After a successful run of his self-penned, one-act play Donna/Madonna, Karliak shot across country for multiple performances in New York City. Now, he’s heading back to the west coast for more showings in San Francisco and – I’m sure – plenty of other venues to come.

The play is autobiographical about his life experiences as an adopted child, and Karliak says it’s “99.9 percent true.”

“I started writing it two years ago about my experience with adoption,” he said in a telephone interview last month. “It focuses on my adoptive mom.”

John Paul Karliak grew up in Scranton, where he was adopted as a baby. He attended college in Washington D.C. for two years before moving to Los Angeles and completing his degree at the University of Southern California.

“I wanted to be more in an entertainment capital,” he said about his decision to head west. Hollywood was the logical choice.

While Donna/Madonna tells the story of his adoptive mother, Karliak did come to know – and eventually meet — his birth mother about six years ago.

“She is almost a polar opposite of my adoptive mom,” he said. They continue to enjoy a special relationship that is growing.

The experience of meeting his birth mother was “strange, wonderful, exciting,” he recalled and “represented all the facets of nature versus nurture.”

Life experiences were the central motivation for the script he ultimately penned over the course of several months.

“It focuses on my mom and her strength and tenacity,” he said. “There are wonderful qualities and bravery that I attribute to my birth mother as well.”

The play completed its Los Angeles run in August, but not before Karliak’s birth mother was able to attend a performance.

“She was very happy with it,” he said. “It was wonderful.”

In his spare time, Karliak starys busy with other projects. He recently completed shooting an episode of “Ringer” for the CW network, starring Sarah Michelle Geller which will air this fall.

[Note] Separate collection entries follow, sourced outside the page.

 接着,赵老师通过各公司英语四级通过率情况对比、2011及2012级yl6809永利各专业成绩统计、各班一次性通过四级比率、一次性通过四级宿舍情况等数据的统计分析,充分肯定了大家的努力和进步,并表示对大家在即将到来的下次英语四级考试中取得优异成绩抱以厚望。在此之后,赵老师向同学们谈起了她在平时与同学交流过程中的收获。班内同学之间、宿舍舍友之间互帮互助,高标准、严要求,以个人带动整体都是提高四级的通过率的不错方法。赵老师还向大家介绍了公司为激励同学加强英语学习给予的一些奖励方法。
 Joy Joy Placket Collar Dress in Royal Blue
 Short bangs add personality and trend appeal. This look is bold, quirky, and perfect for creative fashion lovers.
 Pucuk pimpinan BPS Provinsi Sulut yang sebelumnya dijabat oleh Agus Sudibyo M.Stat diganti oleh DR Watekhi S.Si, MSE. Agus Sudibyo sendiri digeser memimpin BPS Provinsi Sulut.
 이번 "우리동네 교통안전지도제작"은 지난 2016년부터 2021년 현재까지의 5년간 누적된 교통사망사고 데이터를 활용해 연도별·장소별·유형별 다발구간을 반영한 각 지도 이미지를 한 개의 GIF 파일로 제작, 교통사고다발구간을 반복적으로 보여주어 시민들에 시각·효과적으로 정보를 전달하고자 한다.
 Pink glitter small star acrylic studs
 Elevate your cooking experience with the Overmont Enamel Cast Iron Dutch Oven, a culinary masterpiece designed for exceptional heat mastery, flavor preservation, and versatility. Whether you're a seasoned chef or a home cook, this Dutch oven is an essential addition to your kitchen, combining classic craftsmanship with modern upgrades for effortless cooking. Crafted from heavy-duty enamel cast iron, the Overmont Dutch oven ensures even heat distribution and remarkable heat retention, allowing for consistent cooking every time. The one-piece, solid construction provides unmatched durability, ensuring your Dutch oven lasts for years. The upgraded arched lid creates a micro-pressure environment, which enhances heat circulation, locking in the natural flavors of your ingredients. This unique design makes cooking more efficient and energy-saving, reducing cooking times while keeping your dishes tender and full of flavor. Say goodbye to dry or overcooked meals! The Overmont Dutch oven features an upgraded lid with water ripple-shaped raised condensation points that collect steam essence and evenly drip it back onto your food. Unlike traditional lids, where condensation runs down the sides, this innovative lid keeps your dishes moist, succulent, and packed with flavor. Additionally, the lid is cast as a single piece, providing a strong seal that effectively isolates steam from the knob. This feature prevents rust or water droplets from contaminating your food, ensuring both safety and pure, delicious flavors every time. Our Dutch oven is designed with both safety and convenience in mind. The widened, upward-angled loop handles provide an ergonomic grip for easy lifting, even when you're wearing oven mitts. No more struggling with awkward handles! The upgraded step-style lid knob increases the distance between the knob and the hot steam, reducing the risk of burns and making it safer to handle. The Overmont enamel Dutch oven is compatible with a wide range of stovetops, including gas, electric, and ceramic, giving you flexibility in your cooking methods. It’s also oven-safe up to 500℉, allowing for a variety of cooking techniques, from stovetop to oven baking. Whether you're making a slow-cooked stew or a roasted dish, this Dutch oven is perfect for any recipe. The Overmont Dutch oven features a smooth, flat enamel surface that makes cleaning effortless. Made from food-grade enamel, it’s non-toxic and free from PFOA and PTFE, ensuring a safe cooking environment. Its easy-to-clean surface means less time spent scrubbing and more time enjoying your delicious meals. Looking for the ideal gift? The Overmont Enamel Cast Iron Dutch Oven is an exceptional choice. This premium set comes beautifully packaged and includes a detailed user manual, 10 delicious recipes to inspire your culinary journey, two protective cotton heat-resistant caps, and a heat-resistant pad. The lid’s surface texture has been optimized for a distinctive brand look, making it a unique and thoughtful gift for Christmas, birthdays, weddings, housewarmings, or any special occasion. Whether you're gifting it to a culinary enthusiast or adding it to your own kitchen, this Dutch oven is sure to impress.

“That’s my first professional television gig,” he said. He also does theater and voice over work to keep busy and pay the bills.

But Donna/Madonna is a major focus of his time and attention, and earned him the coveted 2010 United Solo Theatre Festival Best One Man Show Award.

“I workshopped it last fall as a tribute to my mother,” he said. “A lot of people came up to me with their own adoption stories.” Nearly every show will bring one or more people forward to tell him how they were impacted by adoption. Donna/Madonna is a release for them.

The outpouring of support from fellow adoptees led Karliak to associate with Kinship Center, a non-profit agency with locations throughout central and southern California. Their mission is to put and keep families together – something Karliak says is important to him.

“Their care is so complete,” he said. Kinship Center provides mental health care and family counseling to supporting extending families. A portion of the ticket sales to each of his show appearances goes to support the organization.

“I feel that by promoting the family care they offer, I’m telling my mom ‘I love you’ in a whole new way,” Karliak wrote in an autobiographical article about the show.

That love is undeniable.

“She is an incredibly powerful, strong, nurturing woman,” he said at the end of our interview. “I wouldn’t be here without her.”

For JP’s mother, the ultimate compliment came with his closing words.

“My mom is my hero.”

What a great person to be inspired by.